Boris Pistorius è arrivato al Ministero con piglio deciso. Fin da subito si è mostrato molto attivo, e a pochi giorni dalla sua nomina l’ingarbugliata situazione dei panzer da mandare in Ucraina si è sbloccata, con l’annuncio ufficiale dell’invio di carri Leopard 1 e Leopard 2. La nomina di Breuer sembra voler proseguire sulla stessa linea: meno attendismo, meno “cautela” – inviolabile parola d’ordine di Scholz per tutto il 2022 – e più leadership.

Il Generale Carsten Breuer e il Ministro della Difesa Boris Pistorius (Foto: AFP)

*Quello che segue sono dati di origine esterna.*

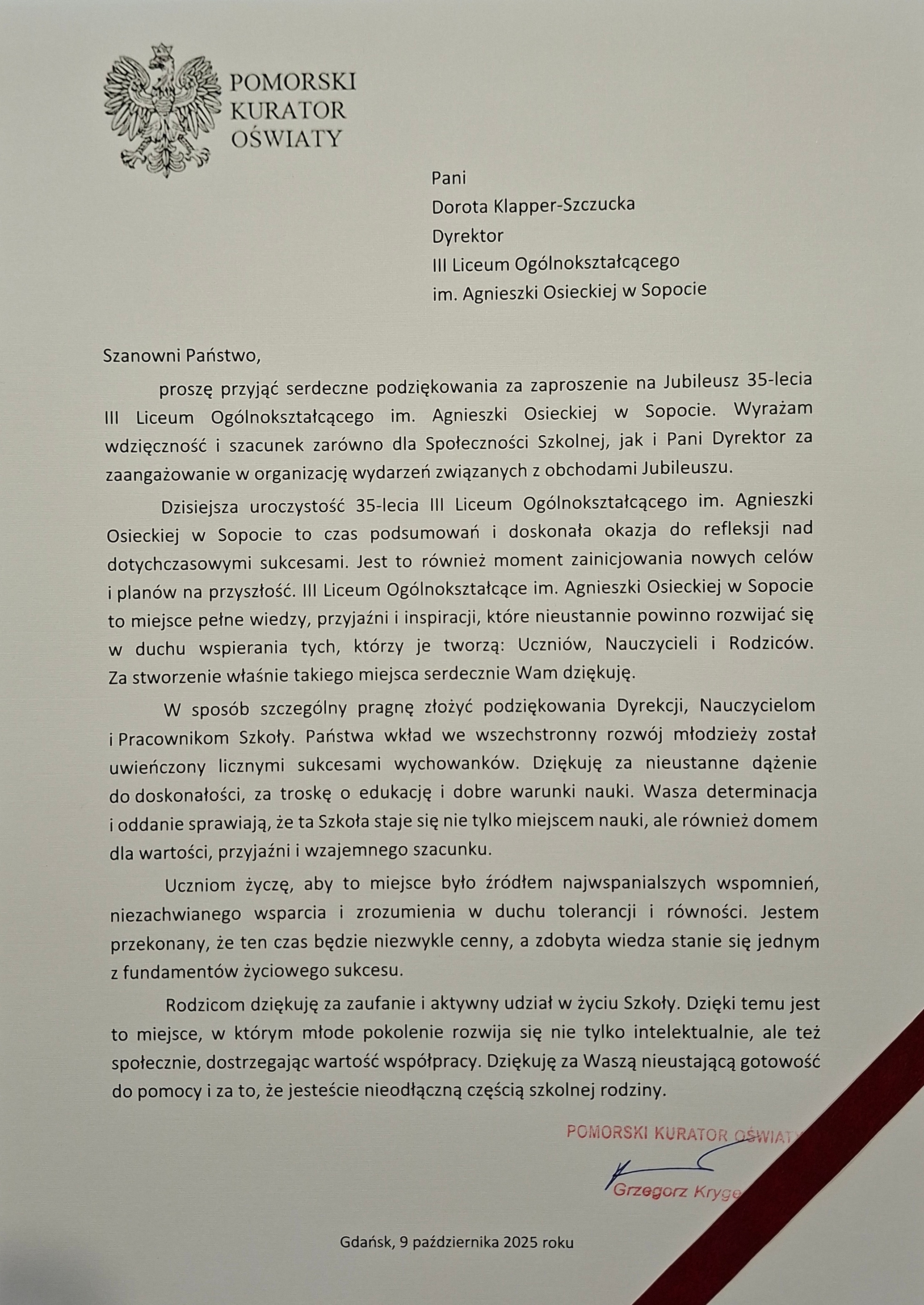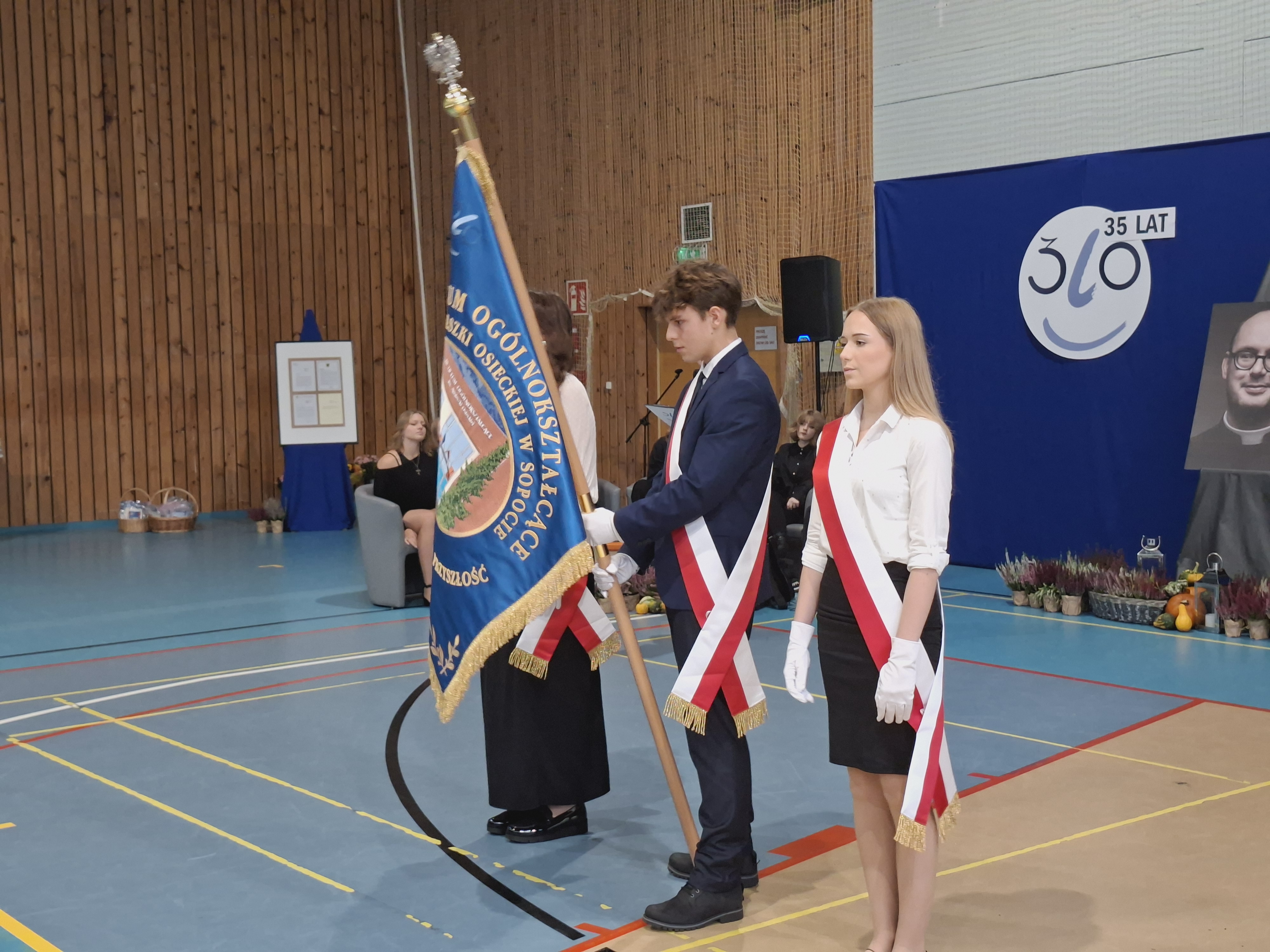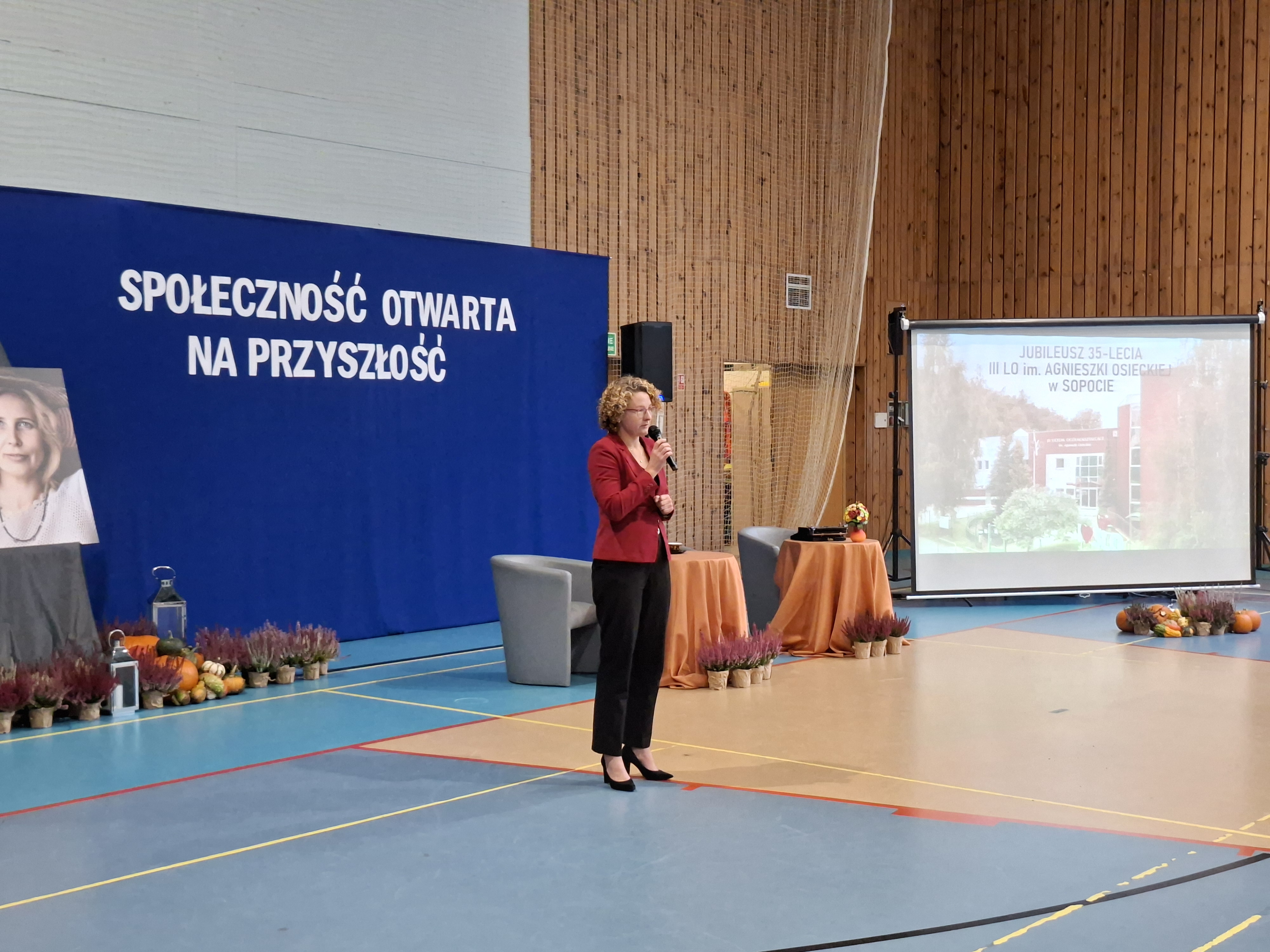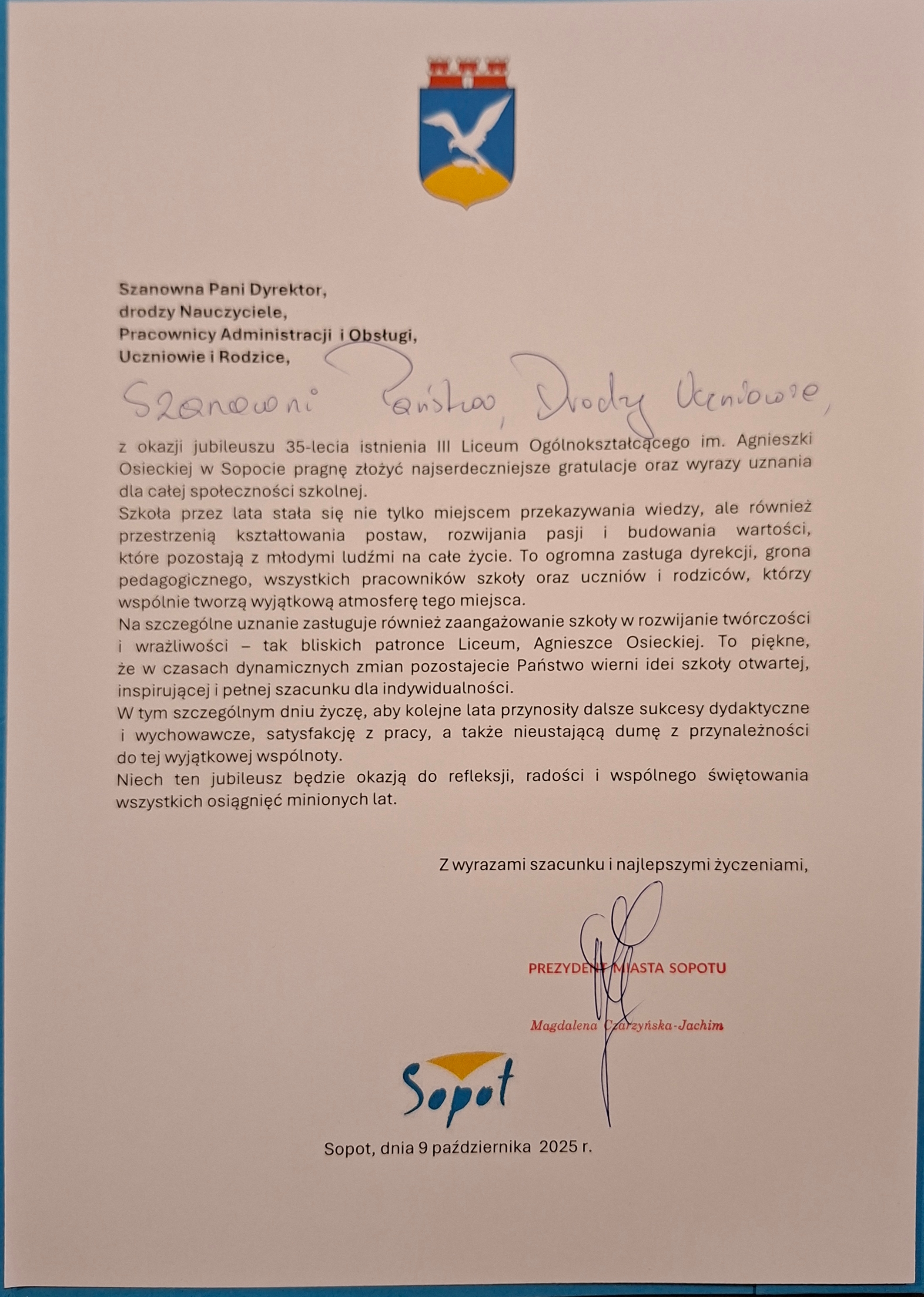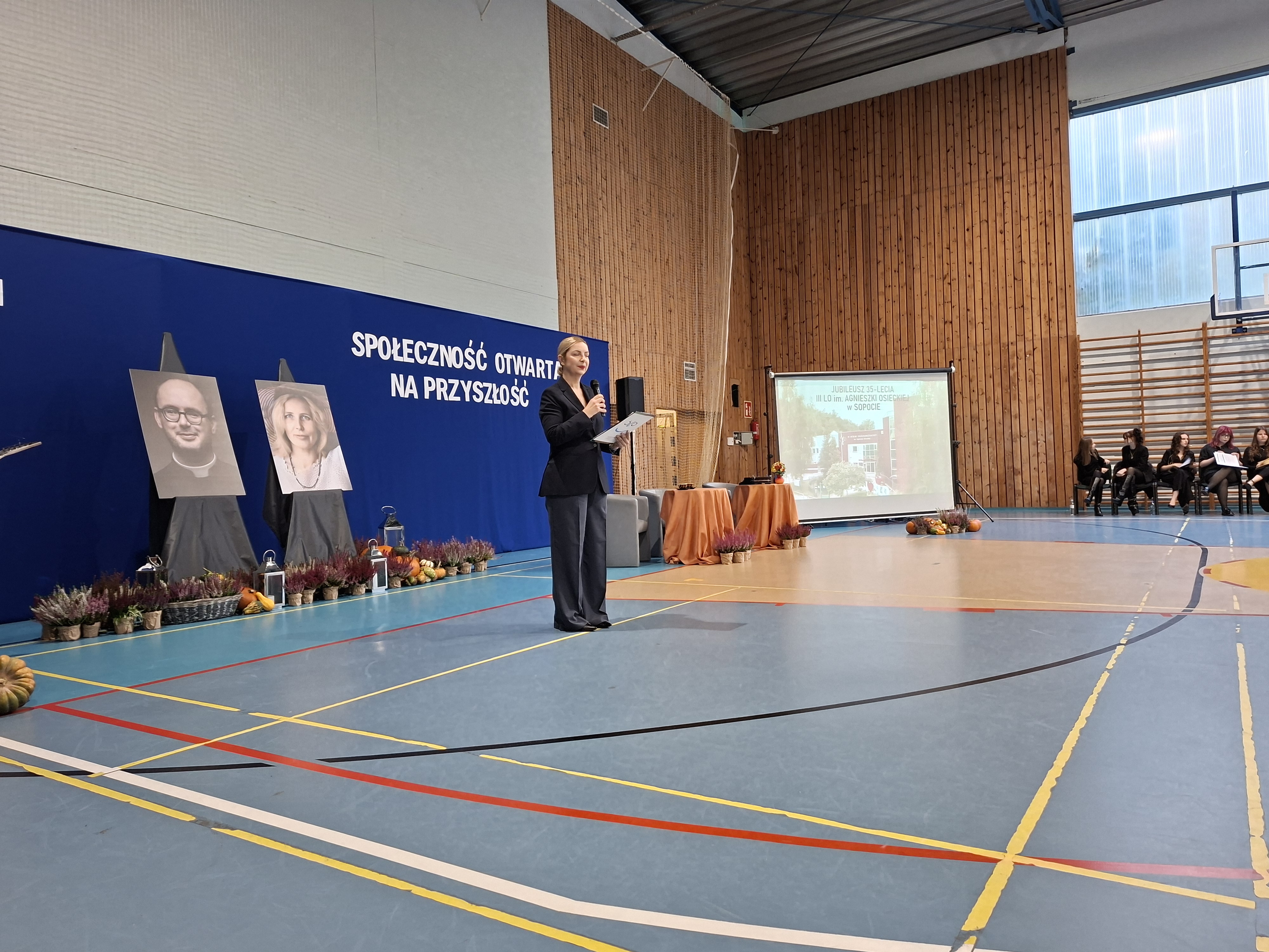 Kilka dni wcześniej, tj. 4 października, podczas koncelebrowanej Mszy Świętej, Sztandar Szkoły został poświęcony. W dniu urodzin naszej Patronki, Agnieszki Osieckiej odbyła się uroczystość szkolna połączona z obchodami Jubileuszu 35-lecia Szkoły i nadaniem jej Sztandaru. Wydarzenie to uświetniła obecność przedstawicieli władz Miasta Sopotu, Wydziału Edukacji, Kuratorium Oświaty, Służb Mundurowych, Dyrektorów sopockich placówek kulturalno-oświatowych i ich zastępców oraz przedstawicieli fundacji i emerytowanych nauczycieli. Podczas oficjalnej części uroczystości doszło do przekazania Sztandaru Pani Dyrektor przez Panią Prezydentkę Sopotu a chwilę później do przejęcia tego Symbolu Szkoły przez Poczet Sztandarowy i do ich ślubowania. W drugiej części uroczystości odbyliśmy podróż sentymentalną przez twórczość Patronki naszego liceum.
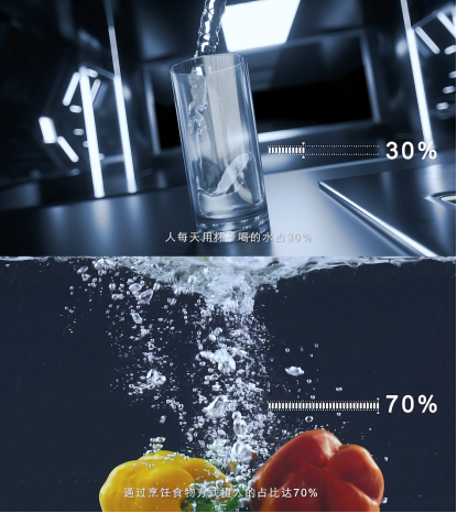生活中往往注重饮用水,而忽略了家庭用水也需要净化。其实喝水只占人体每天需要吸收的30%水分,有70%是通过食物方式摄入,而清洗食材的用水是含有余氯的自来水,余氯会产生国际公认的致癌物三氯甲烷,有害身体健康,因此生活用水也需要净化。
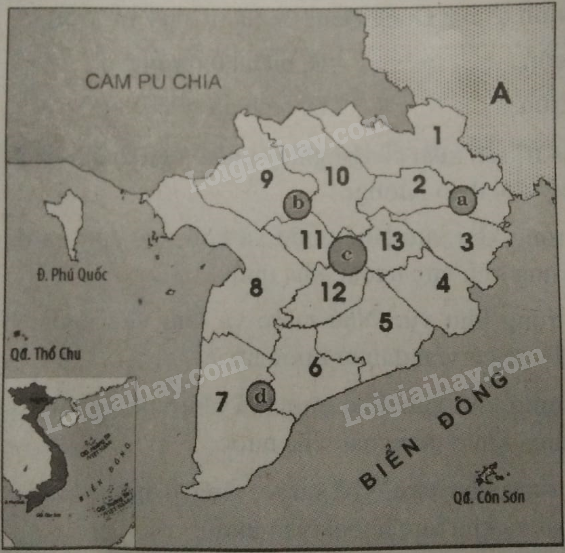– Tên các vùng tiếp giáp A trong lược đồ: Đồng bằng sông Cửu Long, Biển Đông, Campuchia.
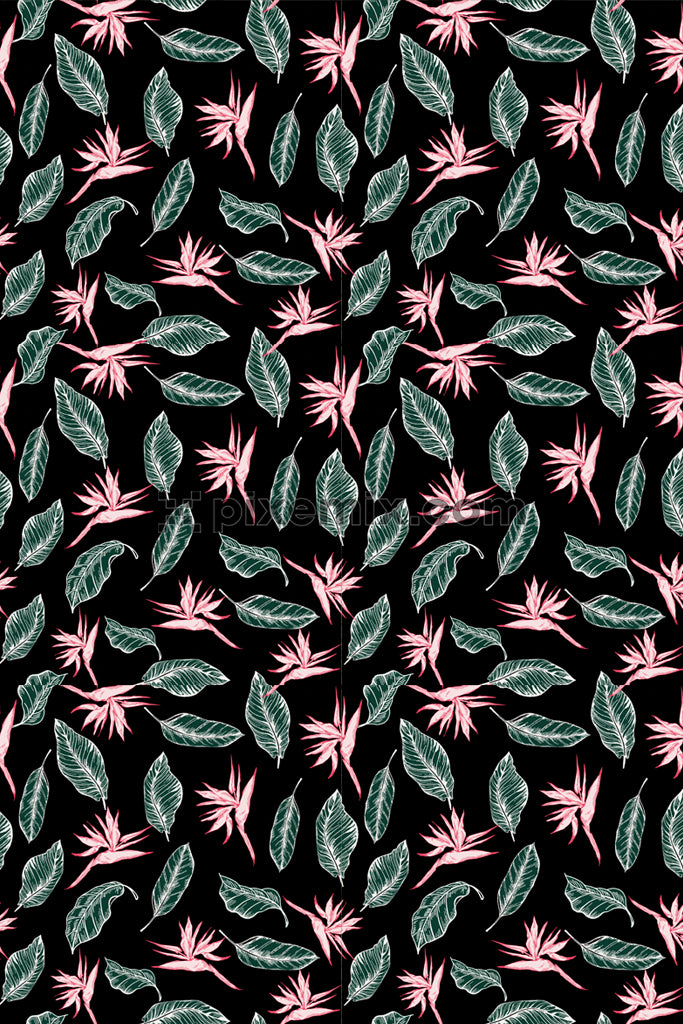Abstract tropical leaves and bird of paradise product graphic with seamless repeat pattern
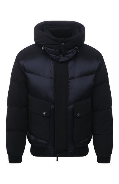 При работе над темно-синим бомбером из коллекции сезона осень-зима дизайнеры бренда взяли за основу проверенную временем игру на контрасте фактур, выбрав для изготовления модели комбинацию матового и шелковистого полиамида. Легкий слой отборного пуха хорошо сохраняет тепло, не утяжеляя вещь, а объемный капюшон защищает от ветра.
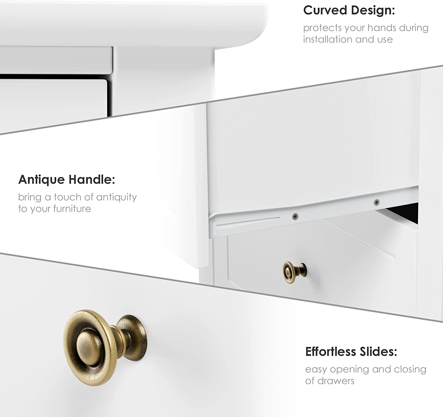 • 〖 EXQUISITE & COMFORTABLE 〗The four corners of the top of chest of drawers are provided with curved arcs to avoid accidental injury during installation and use. The handle is also exquisitely polished, and we always pay attention to the exquisiteness and comfortable use of the product.
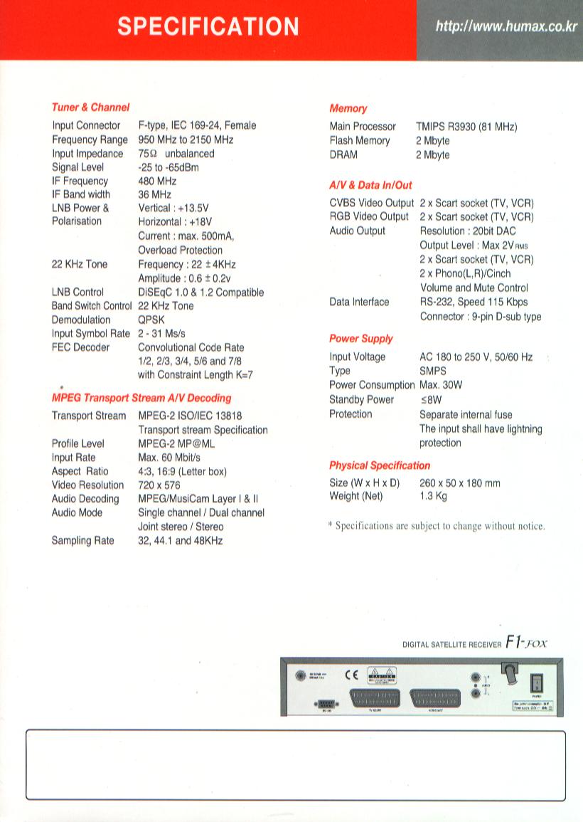 CARACTERISTIQUETECHNIQUE DU RECEPTEUR HUMAX F1-FOX (page1)(page2)

Questo certo non significa che d’improvviso la Germania si sposterà su posizioni ultra interventiste, o che sia già pronta ad affrontare il prossimo tema di dibattito – l’invio di caccia, inaugurato giovedì pomeriggio dalla Polonia. Vuol dire però che è lecito aspettarsi un cambio di passo nella gestione della politica militare e di difesa tedesca. E che finalmente, a più di un anno dal celebre discorso con cui Scholz l’aveva annunciata, la Zeitenwende potrebbe riprendere il suo percorso. Pistorius è stato scelto chiaramente con questo scopo in mente, con l’idea di sgombrare il campo dai numerosi dubbi sorti soprattutto fra i Paesi alleati: dubbi legati alla constatazione che al fragoroso proclama di un “punto di svolta epocale” erano seguiti però ben pochi fatti. 

L’invio di armi in Ucraina tuttavia è solo uno degli aspetti in ballo. Pistorius e Breuer saranno direttamente responsabili anche della gestione del famoso Sondervermögen, il “contributo straordinario” da 100 miliardi di euro per la Bundeswehr; e poi c’è da affrontare la questione della riorganizzazione e dell’equipaggiamento dell’esercito, da sempre in condizioni pietose. Senza dimenticare che nel contratto di governo della coalizione semaforo si parla esplicitamente della clausola NATO del 2% del PIL da destinare alla difesa, punto particolarmente dolente su cui – al netto dell’impegno dichiarato – le tempistiche sono ancora tutte da definire.

Insomma, lavoro da fare per Pistorius e Breuer ce n’è parecchio. Ma è ragionevole ipotizzare che da oggi la Zeitenwende sia un po’ meno un annuncio vuoto, e un po’ più una prospettiva concreta.